Black hole complementarity Black hole complementarity states that two observers, one falling into a black hole,  and one observing outside, experience two different histories but since they can not communicate there is no inherent contradiction..imagine an observer far from a black hole watching some matter fall into a black hole. The observer sees the matter freeze at the horizon, but the matter itself does fall in. Now, if you measure the mass of the black hole before and after the matter falls in, would you not measure a higher mass? And wouldn't this violate the principal of complementarity? You don't see the matter fall in, yet you see the black holes mass increase.
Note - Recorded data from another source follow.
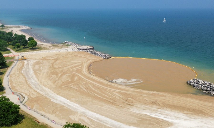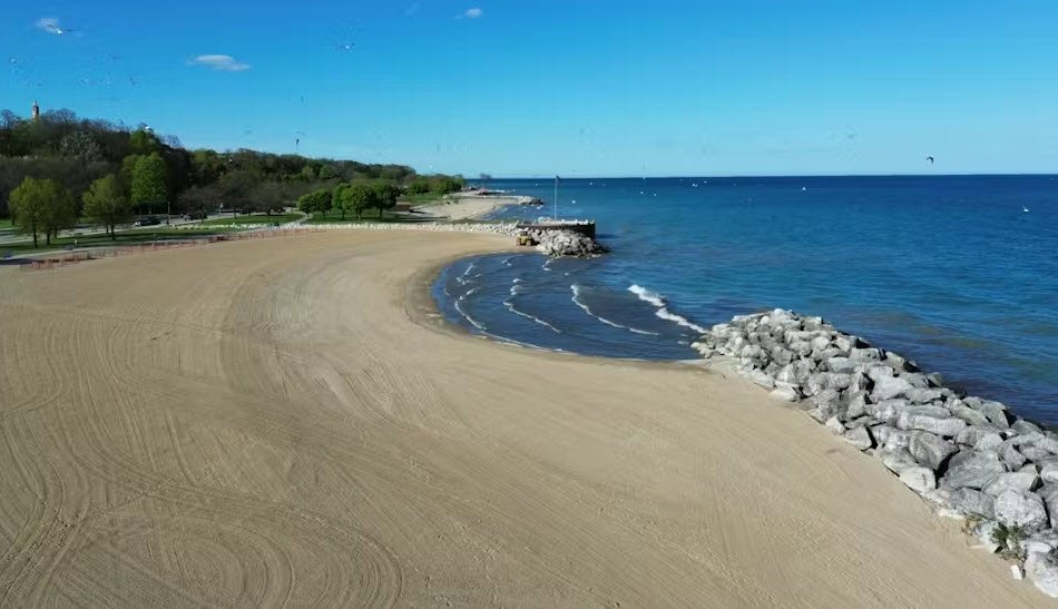 McKinley Beach in Milwaukee, Wisconsin, sits on the shores of Lake Michigan and has long been popular for swimming, relaxing, and enjoying scenic lake views.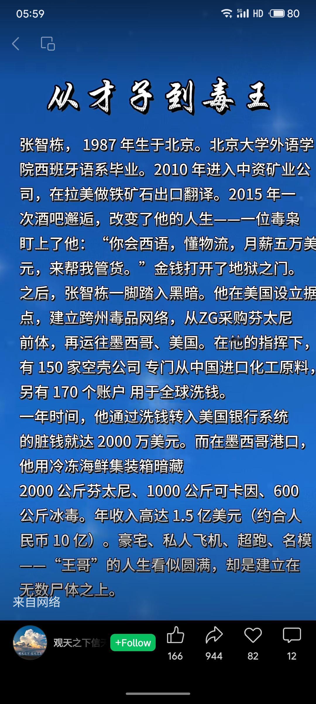 北大才子张智栋利用西语与物流专长,受雇毒枭后建立跨国毒品网络。其通过空壳公司从中国采购芬太尼前体,经墨西哥运往美国,年收入高达10亿元,最终被FBI逮捕。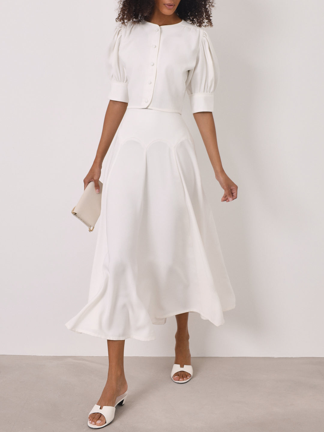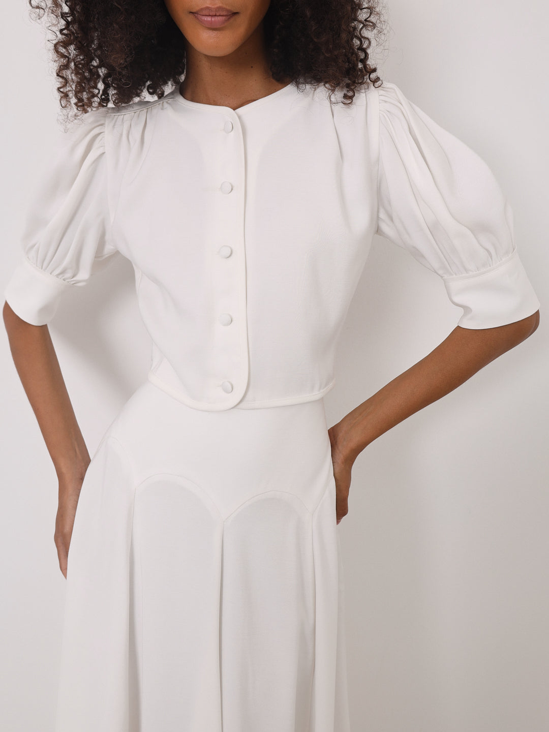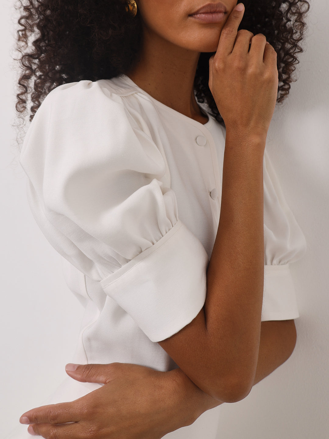 - Raffinierte Details: Puffärmel und selbstbezogene Knöpfe sorgen für einen luxuriösen und stilvollen Look.
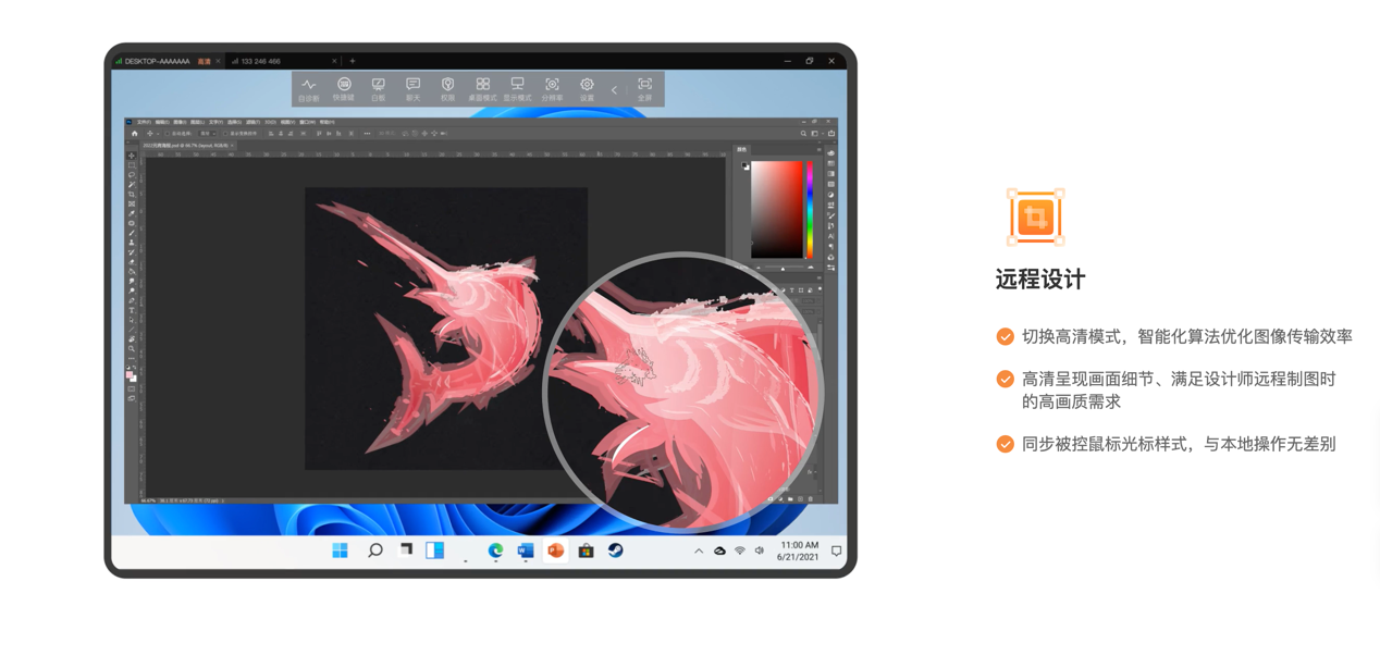 考虑到并不是每位设计师家中都有可以跑动设计软件的高配置电脑,为满足设计师们在家就能够处理设计工作的述求。向日葵远程控制还对操作方式以及远控流畅度进行了相对应的优化适配,例如,在远控操作Photoshop时,能同步显示被控端鼠标指针样式,做到远程与本地操作无差别,你相当于就拥有了一台高配置的“云主机”,获得了良好的设计体验也就能保证远程办公的效率了。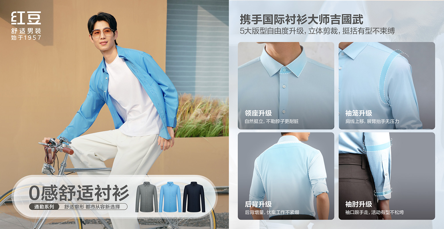 2025年,联合国际衬衫大师吉國武共同打造的匠心之作红豆0感舒适衬衫3.0,对Flexpand版型进行了四大升级。拱桥型领口解放颈部,活动无束且更耐脏;通过肩线上移与后背增量设计,实现抬手自如,大幅提升活动灵活性;肘部特殊褶裥处理,保障伏案工作时毫无紧绷感;自贴合袖口能随手腕活动自动调节,时刻保持最佳状态。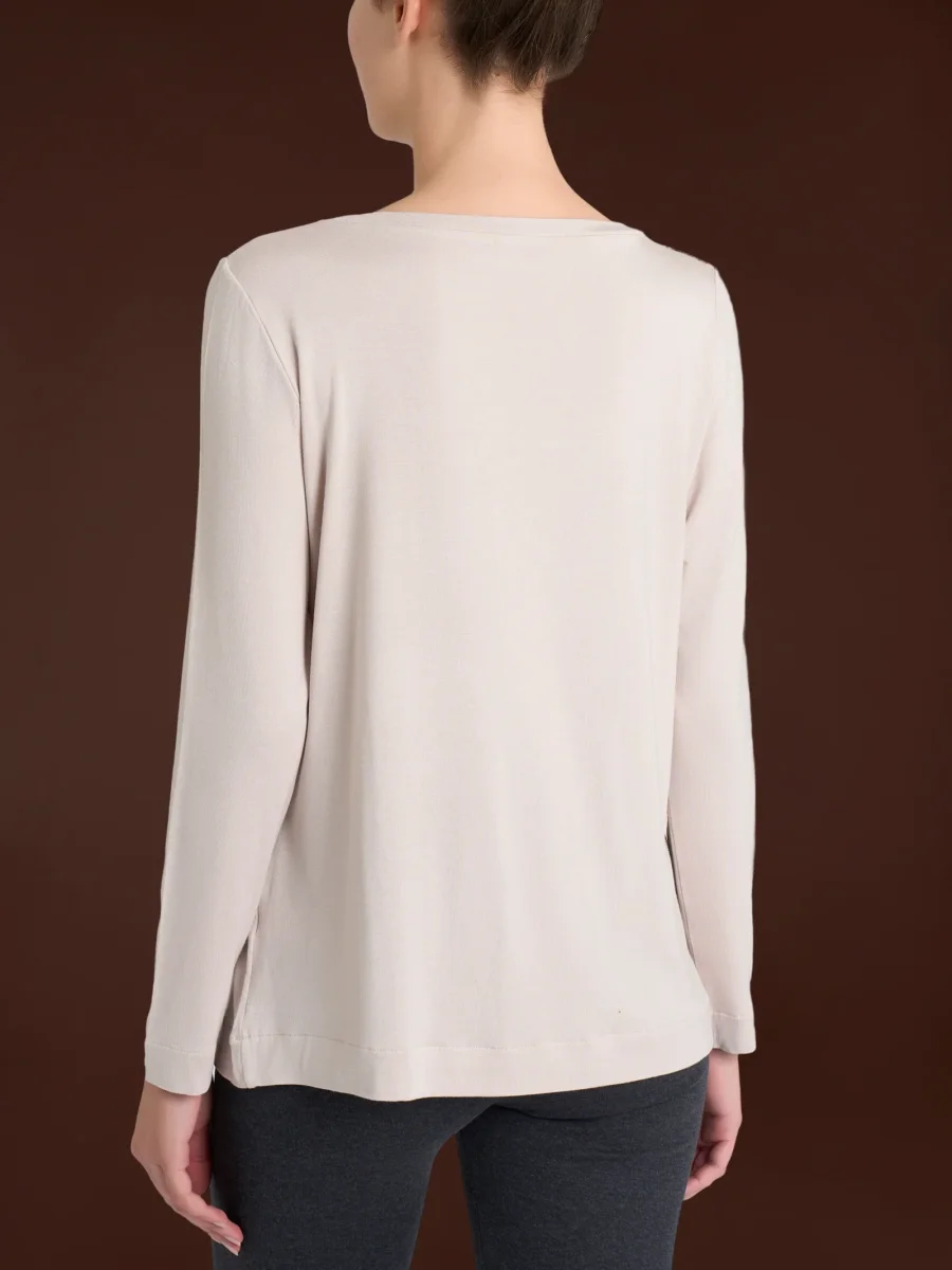 Questo capo con una vestibilità è morbida e fluida, per una maggiore comodità e praticità quotidiana, è tinta unita con collo a barchetta e a manica lunga.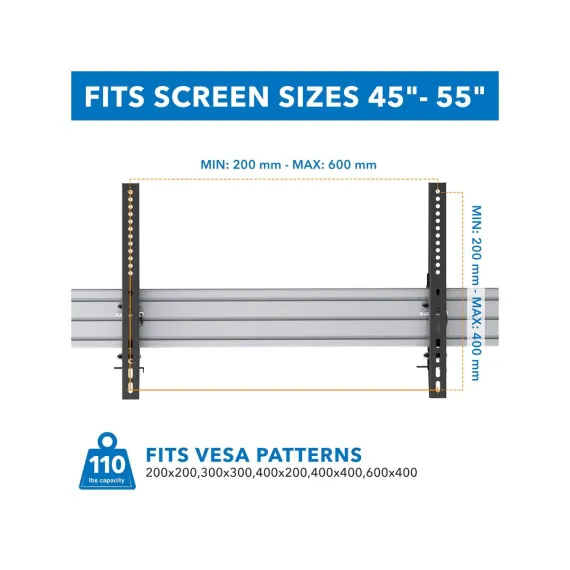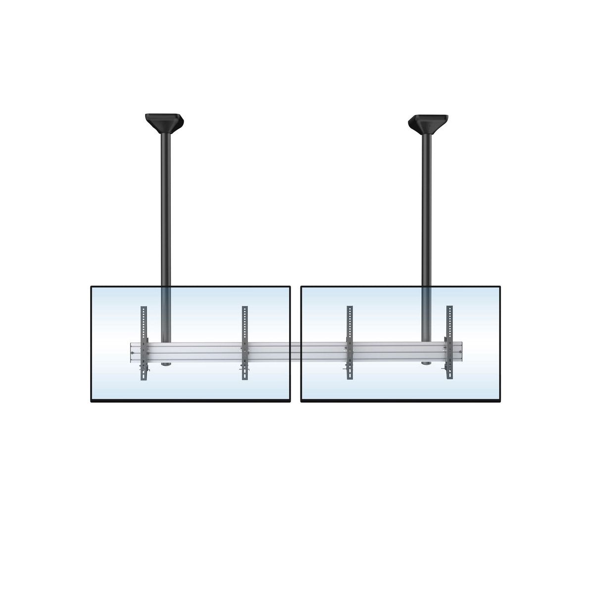 The MI-512 dual TV ceiling mount is the perfect option for mounting 2 flat screens in hotels, bars, restaurants, and other public places. This heavy duty ceiling mount has a unique ceiling bracket design featuring U-shaped tracks that allow the mount to supports up to 110 pounds per screen, while the VESA brackets can accommodate VESA mounting patterns up to 600x400mm (max) for compatibility with 45" to most 55" flat panel televisions.

Help?
 A: I'm pretty sure that the general relativistic equivalent of this Newtonian answer is qualitatively the same (I'd love to hear someone expand it) but:
for a spherically symmetric system like a black hole, it wouldn't matter whether all the mass forms a shell on the horizon or whether it's formed some other spherical (possibly singular) distribution at the centre, the Shell Theorem will imply that you wouldn't be able to tell the difference by making any local measurements, like say, measuring the acceleration due to gravity to find the $M$ in $GM/r^2$.
A: Black hole complementarity tells you that the exterior description is consistent in itself without consdering a separate interior description. When you throw an object into a black hole, you don't see it cross the horizon, but the horizon moves out to meet the object before it falls through, just through the gravitational field of the object. This horizon motion is a predictor of the motion of the infalling object, and in the limit that it gets close, is a complete surrogate for the infalling motion.
The black hole mass increases when the object gets close, not when it falls through. This is most stark for a classical white hole. Nothing can cross a white hole horizon, but it still attracts matter. The matter just piles up on the surface, making the surface bigger.
This answer is just a clarification of why dbrane answered the way he did. The shells on the black hole's surface would pull the horizon out (although these shells are cut off close to the horizon in complementarity/holography).